**EXERCISE**
The listing below should be printed exactly, though its pictures must not be.

(GIVEN INFORMATION begins)

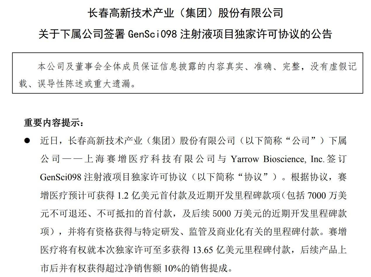 长春高新(000661)技术产业(集团)股份有限公司(以下简称"长春高新")迎来里程碑式BD(商务拓展)合 作落地。 战略转型加速落地 本次合作的落地,标志着长春高新从单一生长激素业务,向生长激素、创新药、研发BD收入并驾齐驱 的战略转型迈入实质性兑现阶段。 12月16日,长春高新发布公告称,其控股子公司长春金赛药业有限责任公司(以下简称"金赛药业")下属 全资子公司上海赛增医疗科技有限公司(以下简称"赛增医疗"),与美国新兴生物医药公司 YarrowBioscience,Inc.(以下简称"Yarrow")签订GenSci098注射液项目独家许可协议。 12月17日,长春高新相关负责人在接受《证券日报》记者采访时表示:"此次合作是我公司积极整合国 际资源的关键实践,通过与国际专业团队优势互补,正更积极地参与全球药物创新,推动源自中国的研 发成果惠及更广泛的患者群体。" 13.65亿美元里程碑式合作落地 根据协议,赛增医疗预计可获得1.2亿美元首付款及近期开发里程碑款项,其中包含7000万美元不可退 还、不可抵扣的首付款,以及后续5000万美元的近期开发里程碑款项。此外,赛增医疗还有资格获得与 特定研发、监管 ...
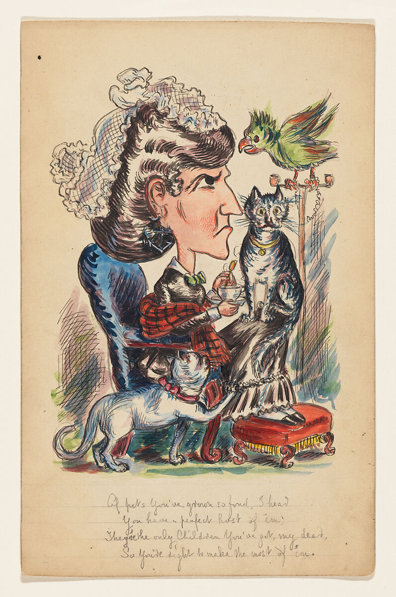 - Title: Original illustration for a comic Valentine: Old Maid with parrot and cat
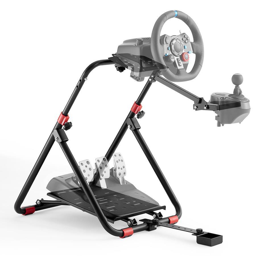 Installation is easy, 10 minutes!Very sturdy and stable construction allows you to drive freely in intense driving competition.Adjustable Racing Wheel Stand angle height Adjustable bottom plate angleRacing Wheel Stand can be mounted on left or right speed levers. You can fine-tune the position of the handle and pedal as you need.This wheel stand stand folds up quickly and reduces it to a smaller size that makes it a real option for users who have limited floor area and storage room.DIWANGUS Racing Wheel Bracket for Logitech Thrustmaster PS3 Ps4 Ps5 Xbox PCSpecifications:Material: SteelColor: BlackBase Size: 27.1 x17.7 inches / 69 x 45 cm (L x W)Wheel Frame Height Adjustment: 20.5-29 inch / 52-73 cmCompatibility:-Compatible with Logitech G923 / G920 / G29 / G27 / G25-Supports Thrustmaster T300RS GT / T300RS / T300 Ferrari/ TX / T-GT / TS-PC / TS-XW / T150 / T80 / T248 / Ferrari 458 / TMX / TMX PRO-PS4 / PS5 / Xbox 360 / Xbox 1/ PCPlease note:Handle, gear lever and game pedals are not included. PATENT PENDING: This is a universal racing steering wheel bracket designed for most models on the market. Compatible with Logitech: G923 / G920 / G29 / G27 / G25 ; Compatible with Thrustmaster T300RS GT / T300RS / T300 Ferrari / TX / T-GT / TS-PC / TS-XW / T150 / T80 / T248X/ Ferrari 458 Suitable for gaming platforms for / TMX / TMX PRO; PS5/PS4/Xbox 360/Xbox 1/PC Note: (excluding steering wheel, game pedal, transmission) PROFESSIONAL RACING WHEEL STAND: Our racing wheel stand is made of high strength alloy steel, which has more rigidity and unparalleled durability, not easy to wear, and these solid brackets will not move or fall off during intense competition. Very solid and can be used for years. Covered with a special coating that resists rust and fading 90% INSTALLED: The biggest advantage when compared to other products is that the basic installation is complete and it is already completed, so you don't have to worry about the hassle installation process. Simply secure the pedal and gear lever to the desired position Adjustable Height and Angle: The angle and height of the wheel frame is adjustable. Whether you are sitting on an office chair, dining chair or sofa, you can adjust it to your own position for a smooth driving experience during the game. Drive with confidence. The angle of the steering wheel platform is 120° adjustable. The transmission lever can be installed either left or right depending on your preference FOLDABLE DESIGN: After enjoying the racing game, you can easily fold the Steering Wheel Stand to slide under the sofa or store it anywhere in the house to save space. We have a convenient and foldable design that allows you to easily transport your stents. So you can play games anytime, anywhere Peace of Mind After-Sales: We provide friendly customer support to help you away from the worry of after-sales service. If you have any questions, please contact us freely. We will respond to your information within 24 hours and we will provide you with satisfactory actions so you can buy with confidence! [Best Gift]: DIWANNGUS racing wheel stand is suitable for everyone. When the holiday comes, it's a very good idea gift! ▲▲【Contact Method】: "Account Service" in your account service,"Order history," "Order number", "Seller by", "Ask questions" Please note that steering wheel and pedals are not included

(GIVEN INFORMATION ends)

**SOLUTION**
 长春高新(000661)技术产业(集团)股份有限公司(以下简称"长春高新")迎来里程碑式BD(商务拓展)合 作落地。 战略转型加速落地 本次合作的落地,标志着长春高新从单一生长激素业务,向生长激素、创新药、研发BD收入并驾齐驱 的战略转型迈入实质性兑现阶段。 12月16日,长春高新发布公告称,其控股子公司长春金赛药业有限责任公司(以下简称"金赛药业")下属 全资子公司上海赛增医疗科技有限公司(以下简称"赛增医疗"),与美国新兴生物医药公司 YarrowBioscience,Inc.(以下简称"Yarrow")签订GenSci098注射液项目独家许可协议。 12月17日,长春高新相关负责人在接受《证券日报》记者采访时表示:"此次合作是我公司积极整合国 际资源的关键实践,通过与国际专业团队优势互补,正更积极地参与全球药物创新,推动源自中国的研 发成果惠及更广泛的患者群体。" 13.65亿美元里程碑式合作落地 根据协议,赛增医疗预计可获得1.2亿美元首付款及近期开发里程碑款项,其中包含7000万美元不可退 还、不可抵扣的首付款,以及后续5000万美元的近期开发里程碑款项。此外,赛增医疗还有资格获得与 特定研发、监管 ...
 - Title: Original illustration for a comic Valentine: Old Maid with parrot and cat
 Installation is easy, 10 minutes!Very sturdy and stable construction allows you to drive freely in intense driving competition.Adjustable Racing Wheel Stand angle height Adjustable bottom plate angleRacing Wheel Stand can be mounted on left or right speed levers. You can fine-tune the position of the handle and pedal as you need.This wheel stand stand folds up quickly and reduces it to a smaller size that makes it a real option for users who have limited floor area and storage room.DIWANGUS Racing Wheel Bracket for Logitech Thrustmaster PS3 Ps4 Ps5 Xbox PCSpecifications:Material: SteelColor: BlackBase Size: 27.1 x17.7 inches / 69 x 45 cm (L x W)Wheel Frame Height Adjustment: 20.5-29 inch / 52-73 cmCompatibility:-Compatible with Logitech G923 / G920 / G29 / G27 / G25-Supports Thrustmaster T300RS GT / T300RS / T300 Ferrari/ TX / T-GT / TS-PC / TS-XW / T150 / T80 / T248 / Ferrari 458 / TMX / TMX PRO-PS4 / PS5 / Xbox 360 / Xbox 1/ PCPlease note:Handle, gear lever and game pedals are not included. PATENT PENDING: This is a universal racing steering wheel bracket designed for most models on the market. Compatible with Logitech: G923 / G920 / G29 / G27 / G25 ; Compatible with Thrustmaster T300RS GT / T300RS / T300 Ferrari / TX / T-GT / TS-PC / TS-XW / T150 / T80 / T248X/ Ferrari 458 Suitable for gaming platforms for / TMX / TMX PRO; PS5/PS4/Xbox 360/Xbox 1/PC Note: (excluding steering wheel, game pedal, transmission) PROFESSIONAL RACING WHEEL STAND: Our racing wheel stand is made of high strength alloy steel, which has more rigidity and unparalleled durability, not easy to wear, and these solid brackets will not move or fall off during intense competition. Very solid and can be used for years. Covered with a special coating that resists rust and fading 90% INSTALLED: The biggest advantage when compared to other products is that the basic installation is complete and it is already completed, so you don't have to worry about the hassle installation process. Simply secure the pedal and gear lever to the desired position Adjustable Height and Angle: The angle and height of the wheel frame is adjustable. Whether you are sitting on an office chair, dining chair or sofa, you can adjust it to your own position for a smooth driving experience during the game. Drive with confidence. The angle of the steering wheel platform is 120° adjustable. The transmission lever can be installed either left or right depending on your preference FOLDABLE DESIGN: After enjoying the racing game, you can easily fold the Steering Wheel Stand to slide under the sofa or store it anywhere in the house to save space. We have a convenient and foldable design that allows you to easily transport your stents. So you can play games anytime, anywhere Peace of Mind After-Sales: We provide friendly customer support to help you away from the worry of after-sales service. If you have any questions, please contact us freely. We will respond to your information within 24 hours and we will provide you with satisfactory actions so you can buy with confidence! [Best Gift]: DIWANNGUS racing wheel stand is suitable for everyone. When the holiday comes, it's a very good idea gift! ▲▲【Contact Method】: "Account Service" in your account service,"Order history," "Order number", "Seller by", "Ask questions" Please note that steering wheel and pedals are not included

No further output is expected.